Berman and Pulcini's previous movie was "American Splendor," a small independent comedy, with Giamatti as the grubby comic-book writer Harvey Pekar. This is their first Hollywood assignment, and they don't seem to think much of it. The whole thing teeters between sympathy and condescension. That anthropology device is a way to adapt the material without deigning to actually touch it. So the comedy is synthetic and the emotional truths insincere.

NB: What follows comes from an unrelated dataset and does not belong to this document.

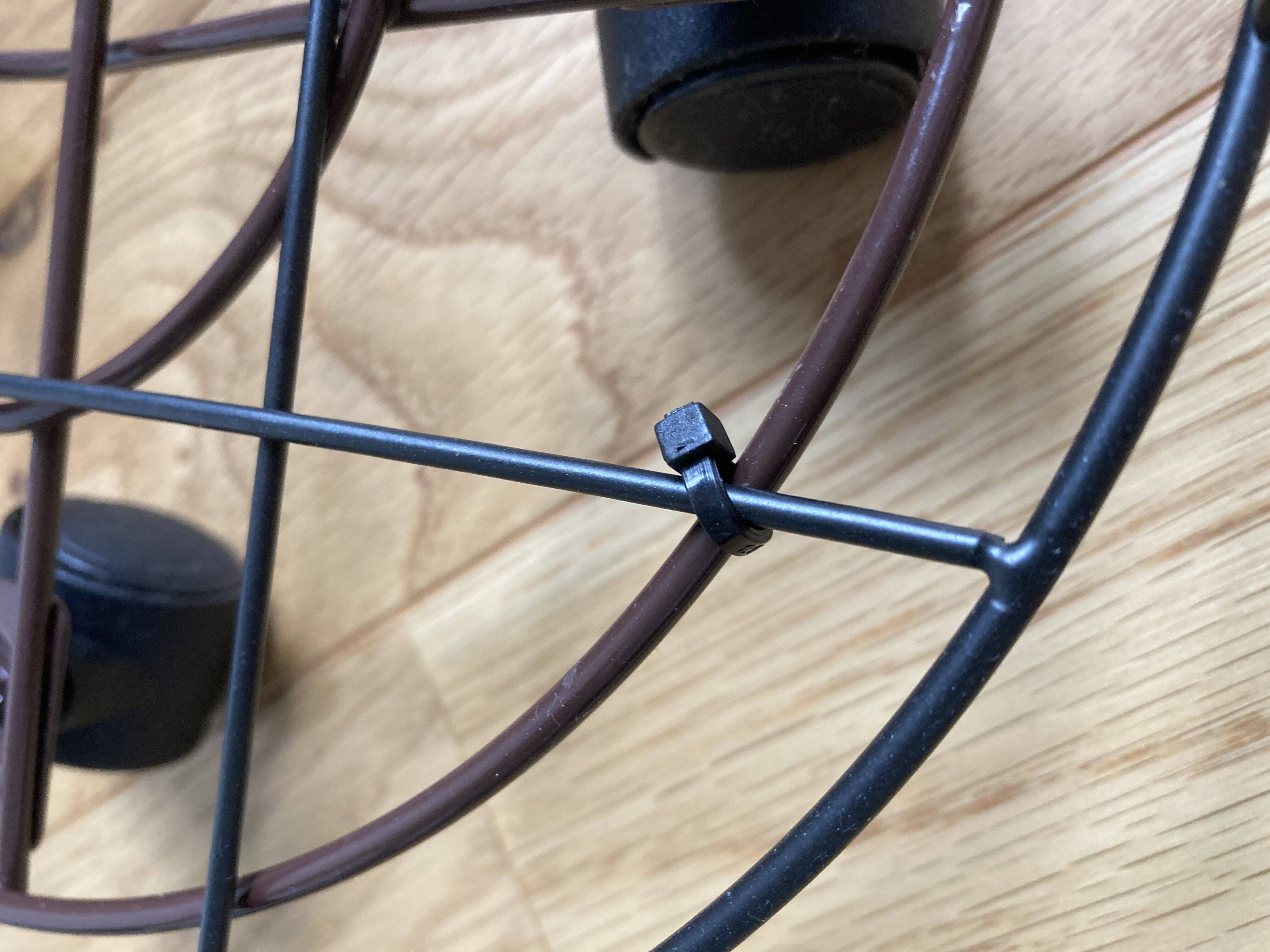 次に、サイドテーブルと花台キャスターの中心を合わせ、結束バンドでしっかり固定します。

Occasionally, Annie will express a thought about the world ("One had to wonder what kind of culture would turn a father's business card into a security blanket"), as though she studied Carrie Bradshaw in college instead of reading Claude Levi-Strauss. One has to wonder what kind of movie about a nanny focuses entirely on a woman like Annie. The movie explains that as a young, single, white, American college graduate, she's extremely eligible. "The Chanel bag of nannies," Annie puts it. And Hispanic, Caribbean, Indian, and Irish women throw in their two cents, but the filmmakers seem uncomfortable with the surrounding

racial, social, and

class politics. Admittedly, the brief shot of a nanny and her charge at a costume party dressed as Condoleezza Rice and little George W. Bush is quite a statement. But the shaming boilerplate feminist prerogatives of Annie's single nurse mother (Donna Murphy) and her best friend (Alicia Keys) don't make a dent in the movie's consciousness.

Comparing "The Nanny Diaries" to "The Devil Wears Prada" is inviting. Both movies attempt to rethink their meager chick-lit sources. But "The Devil Wears Prada" used Hollywood glamour to make smart points about working women and their choices. "The Nanny Diaries" has its heroine floating over Manhattan like Mary Poppins (the red umbrella has been plucked off the Travelers Insurance building). None of the characters in "Prada" were fish in a barrel. You could make sushi with the women in "The Nanny Diaries," though. The movie's banal fantasies badly chafe any anthropological consideration of what a girl should do with her career. This isn't life. It's Lifetime.